# Teardown of the new Sony Supertele 400/2.8



## Berowne (Jan 3, 2019)

Uncle Rog took apart the new Sony-Lens: The Great 400mm Teardown Comparison. Part II – The Sony 400mm f2.8 G


----------



## Click (Jan 3, 2019)

Thanks for sharing.


----------



## Berowne (Jan 3, 2019)

It is a beautiful teardown, Click. Be on the look-out for the repurposed sensor shim: Sony, the frugal company!


----------



## sid.safari (Jan 3, 2019)

I love this mans work!

I just hope they do a image quality and AF test on both lens to see which one is king.


----------



## Berowne (Jan 3, 2019)

So here is Roger's summary:
* _I’ll call this one a draw, and a draw is a win for Sony. Canon has been doing this for a long, long time; this is, I think they’re 8th generation of 400mm f/2.8 lens. It’s Sony’s first and to have made a product equal to the gold standard of engineering is an amazing feat._


----------



## Graphic.Artifacts (Jan 3, 2019)

Expecting to see a lot of Sony A9 or A9ii's paired with 400 f2.8's making a splash at Tokyo 2020. I had a chance to demo the combo briefly and even as a Sony skeptic I'd say it's a solid performer.

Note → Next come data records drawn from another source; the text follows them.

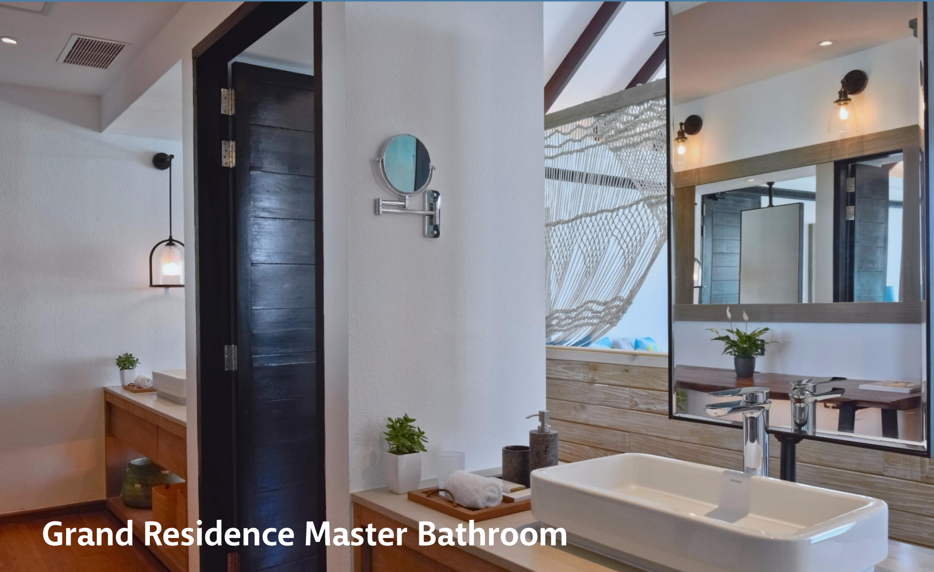
Grand Residence Master Bathroom
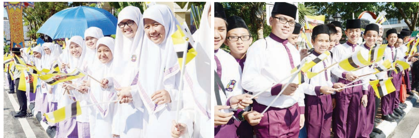
Thousands of students lined up waving miniature national flags to welcome His Majesty's arrival.

Three chants of 'Daulat Kebawah Duli Tuan Patik' was presented by all the teams participating is the highlight of the ceremony followed by a fly past of Brunei Air Force's aircrafts consisting of six helicopters, CN235 aircraft fleet over the Taman. This ceremony also marks the beginning of His Majesty's 69 th Birthday Celebration followed by a variety of entertainment events that has been set up in all four districts with the Get-Together and Junjung Ziarah Ceremony (meet and greet) for every district as the highlight of the celebration.
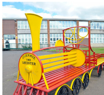
Drongan Primary School and ECC
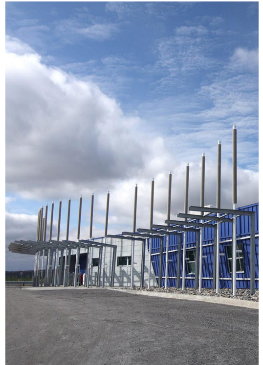
Kuujjuaq Airport Terminal, Kuujjuaq, Nunavik (QC)
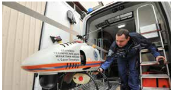
Preparation of an unmanned helicopter to a two-hour flight in the area of radiation accident radiation measurement, photography and videograph

In case of a dam burst or unforeseen floods, especially within the scope of pre-disaster precautions, fixed-wing and multi-rotor UAV systems (operative, tactical UAV systems) perform tasks to determine the existing state of a dam, for example the proactive identification of areas that are at risk of rupture. Locations on the dam that
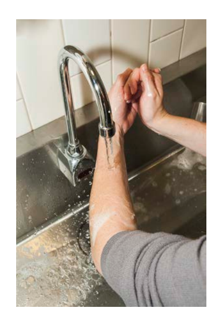
Everyone who visits the NICU must wash their hands and arms up to the elbows before they enter the unit.
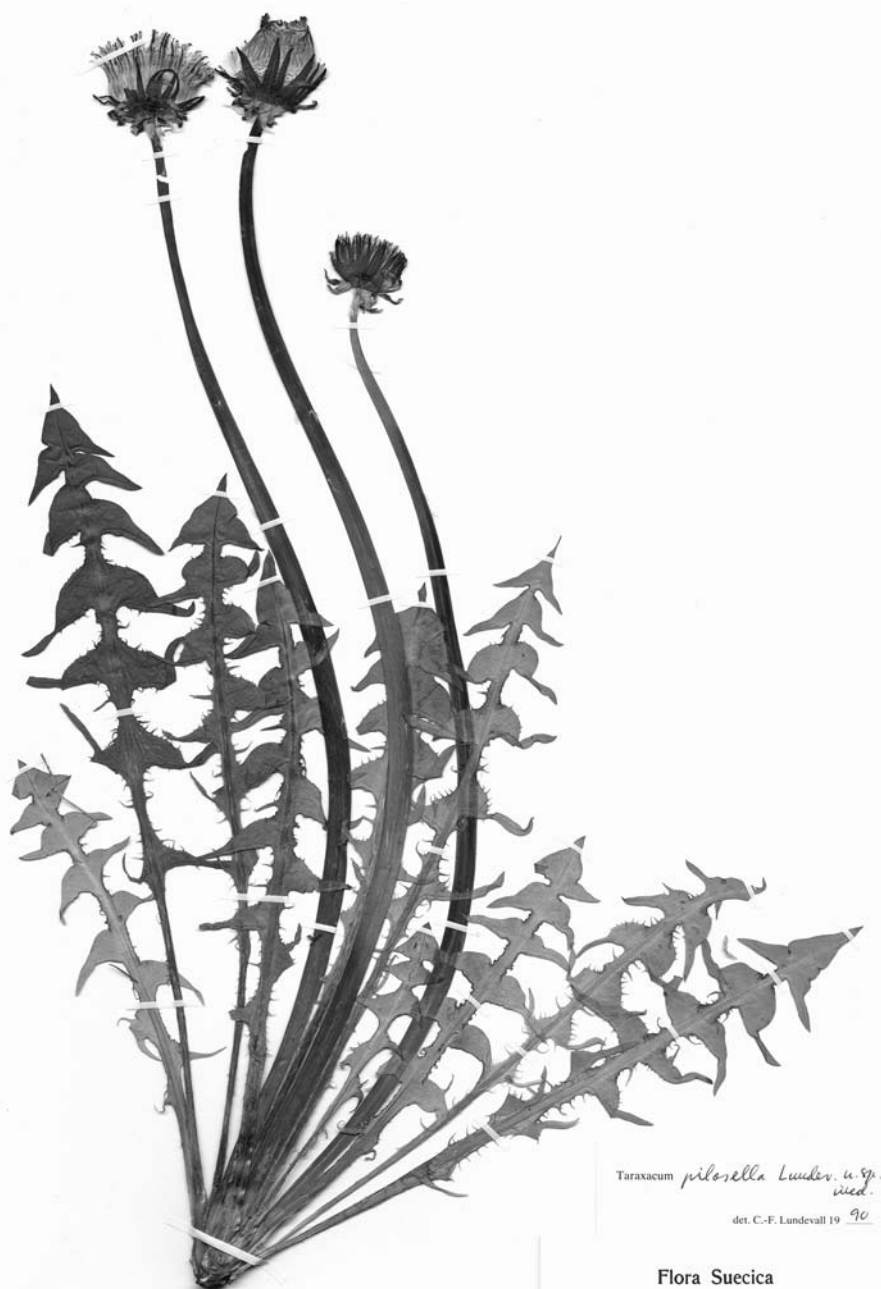
Fig. 6. Taraxacum pilosella , holotype (S).
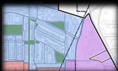
district redevelopment entity
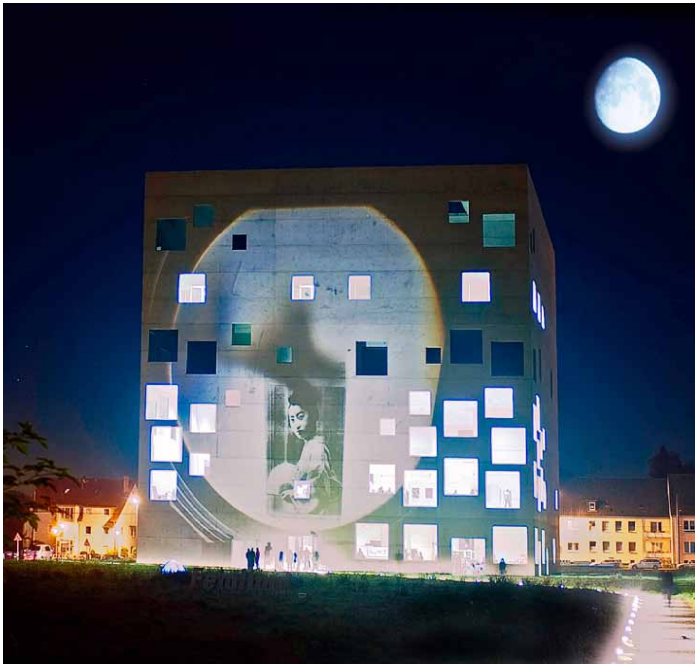
The Dream Of The Japanese Beauty, shown as part of the opening of the c.a.r. 09, the contemporary art Ruhr

• contact: dl@directorslounge.net • web: www.arbitraria.tumblr.com
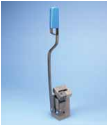
"A" Price Key Mold Includes Hold Down Frame

Pictured below are the molds and handle clamps / and or frames and handles for the various price key molds:
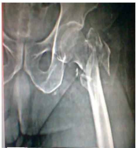
Fig 1. X ray image showing Intertrochanteric fracture fixation

There were 9 men which accounts for 60 % and 6 women which accounts for 40% of cases in this study with an average age of 46.5 years. Patients were followed up with X rays for a minimum of 6 months and maximum of 1 year period. The mean follow up was 9 months. At the end of the follow-up period fracture union was achieved in 13 (86.7%) patients of which 2 (13.3%) cases of delayed union were reported. We encountered 2 cases of non-union for which iliac crest bone grafting done which went for union, 1 case of superficial infection, 1 case of trochanteric bursitis. Minimal limp was noted in 3 patient.
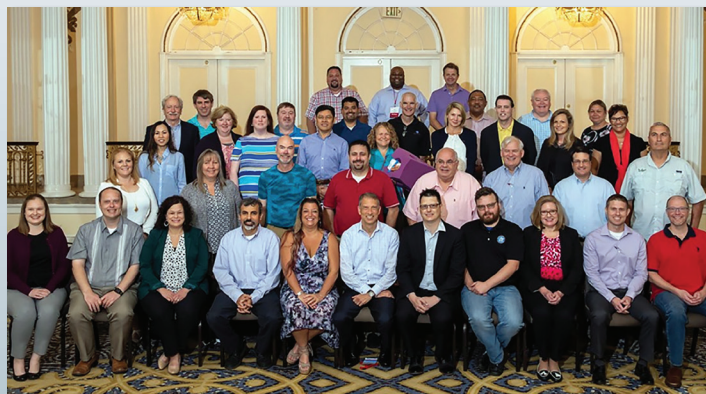
Current Board Governors

Online voting for vacancies in the 2020-2021 Board of Governors will be live on the SOFE website on JUNE 5 . Voting closes on JUNE 29 . Your vote counts! Refer to the SOFE Members Only section of the website for more information on the candidates and online voting.
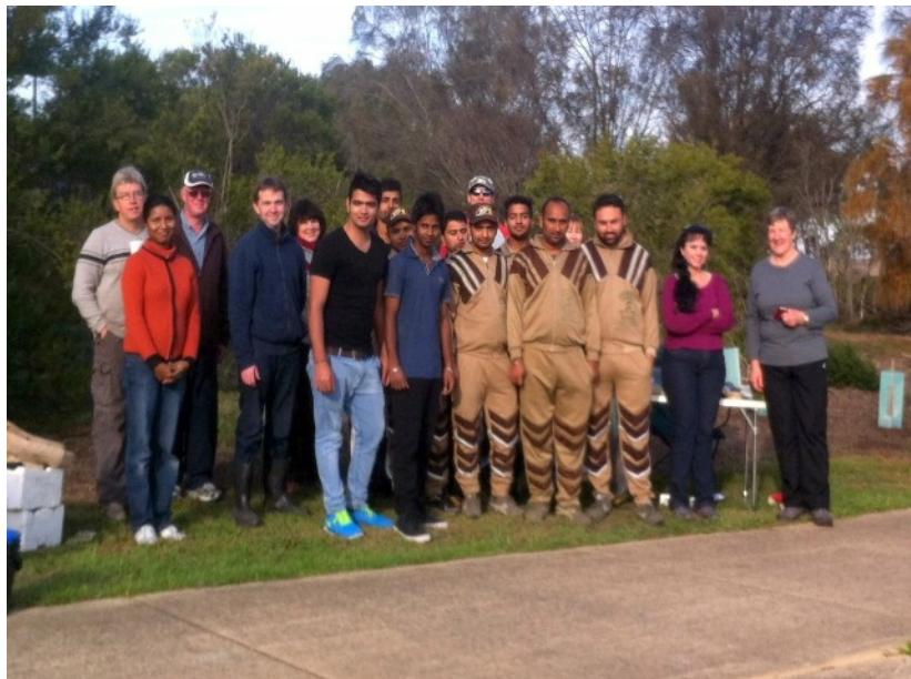
Some of the 26 willing hands helped to put in 435 plants at the bumper planting day on 24 May in Altona Meadows

"All and sundry heeded our calls and 26 willing bodies turned up to help. This was fantastic! So 435 plants went
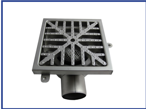
Complete drain well
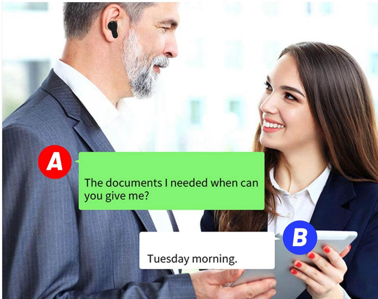
Image 3.1: Illustration of two individuals engaging in real-time translated conversation using the earbuds and a smartphone.

AND SAY WHAT YOU WANT TO EXPRESS CAN BE TRANSLATED.
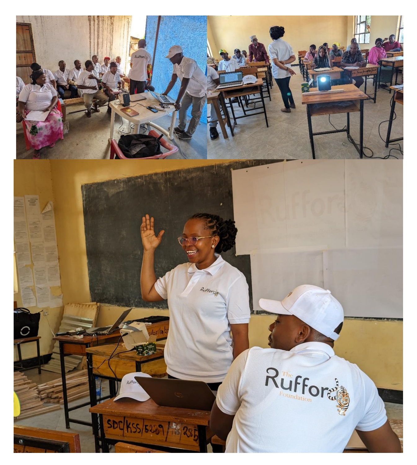
Figure 12: Some pictures during theoretical training sessions
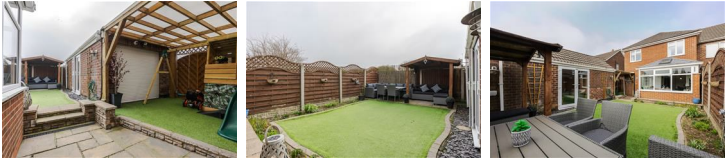
Bar 12'7" x 9'4" (3.85 x 2.87)
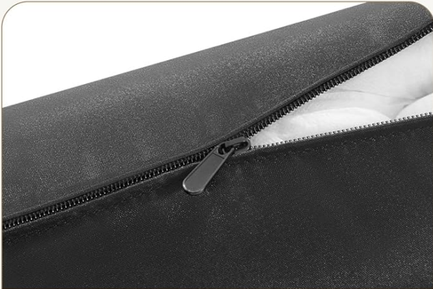
Zippers for Easy Maintenance
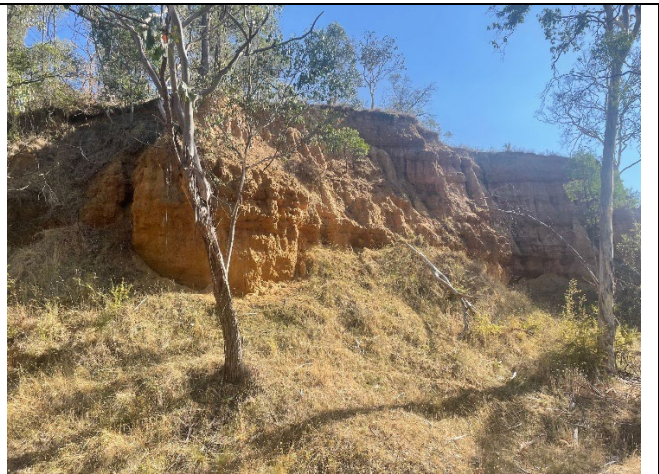
Figure 4: erosion has exposed tailings profile from historical alluvial mining/dredging at Oriental within EL 7073.
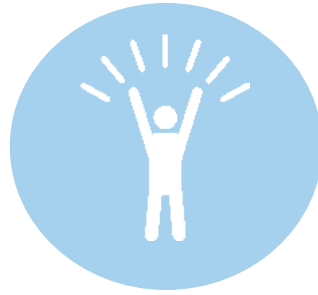
Staffing levels suitable for services provided
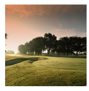
Address: Rya golfbaneväg 20, Helsingborg Internet: www.rya.nu
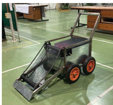
Figure 3 Paddy Seedling Sowing Machine

Figure 3 illustrated the completed assembly of the Paddy Seedling Sowing Machine. Product testing on the actual field could not be executed as preparation of the planting bed for new paddy seedlings may take up a few months and it is highly dependent on the weather.
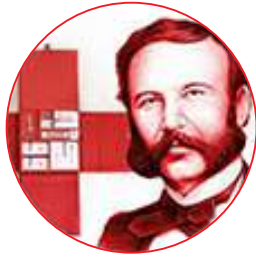
Sir Jean Henry Dunant
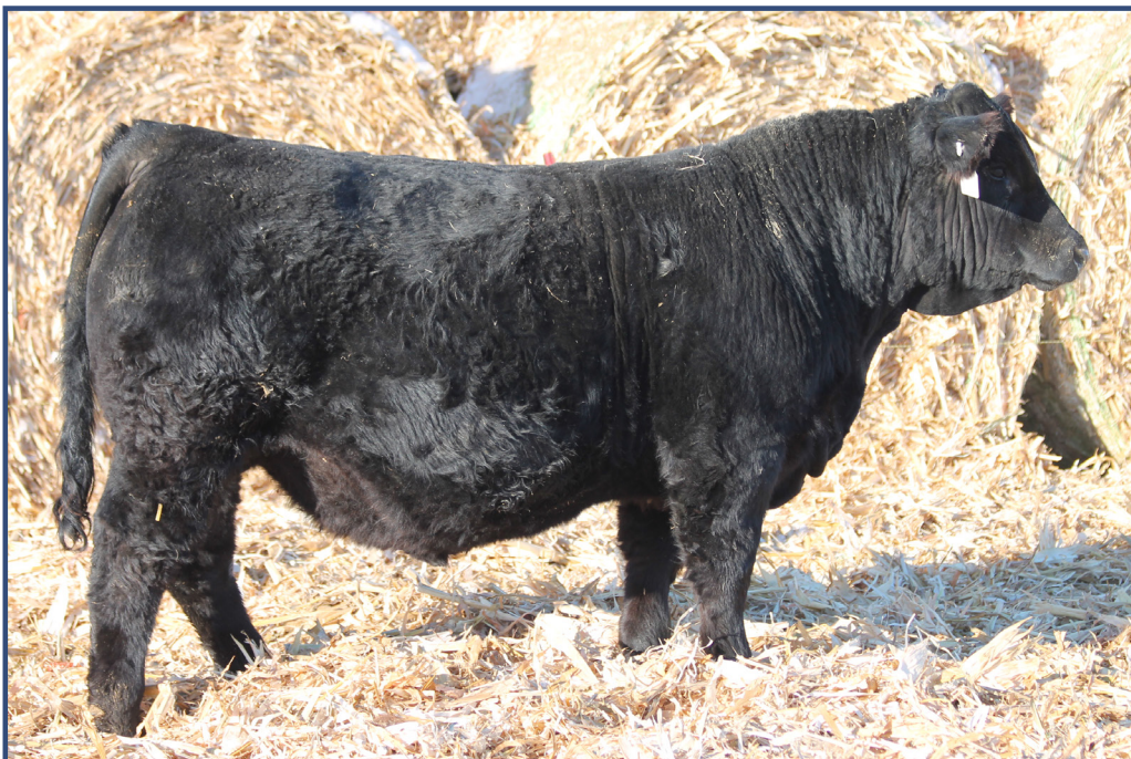
LOT 10 • SYS KROWN M50
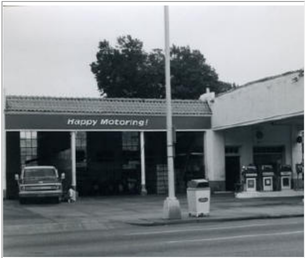
Exxon Gasoline Station, 800 West Trade Street, Charlotte
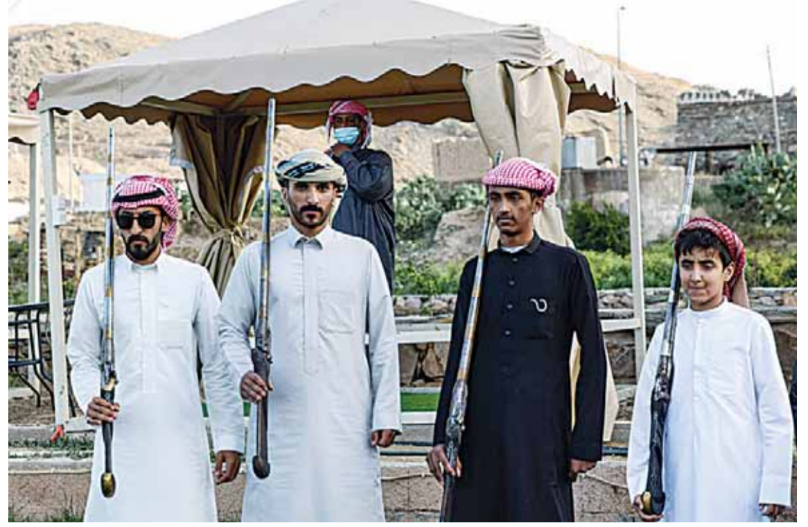
Picture shows Saudi folklore dancers performing the art of "Taasheer".
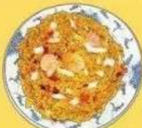
(P6) House Special Fried Rice
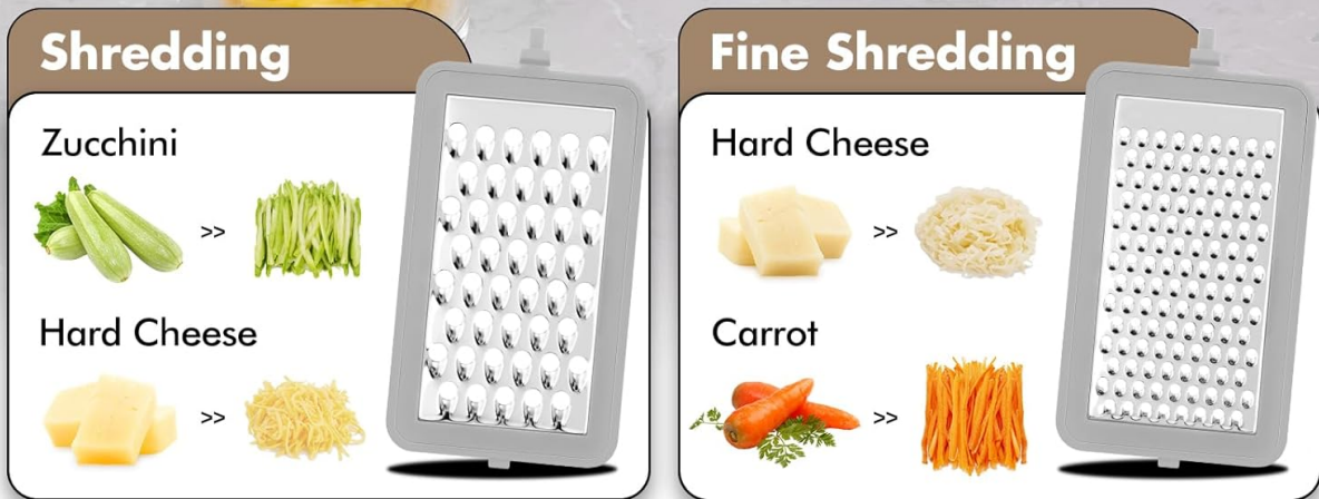
Image: Illustrates the results from the coarse grater (shredding) and julienne (fine shredding) blades.
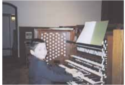
Looking at the Future of the organ

Myers Park Methodist Church. What we heard was a rather choppy sound that Bach did not intend.
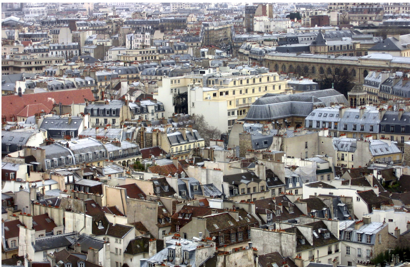
At least 1 million healthy life years are lost every year from traffic-related noise in the western European countries.

the WHO itself has undertaken work in recent years on setting goals guidelines for noise exposure. The document on Community Noise Guidelines was produced in 1999 3 and in 2009 has been followed up with Night Noise Guidelines For Europe 4 , and further reports are being prepared.

Canon did a great job on their 400/600 duo. Now they need to get the IDX3 right. Doubtful they can get a DPAF based EOS R up to that level of performance in time for the Olympics.


----------



## Maximilian (Jan 4, 2019)

Thanks for sharing and


Berowne said:


> So here is Roger's summary:
> * _I’ll call this one a draw, and a draw is a win for Sony. Canon has been doing this for a long, long time; this is, I think they’re 8th generation of 400mm f/2.8 lens. It’s Sony’s first and to have made a product equal to the gold standard of engineering is an amazing feat._


as this is the summary from uncle Rog this is almost like a knightly accolade for Sony. Kudos!


----------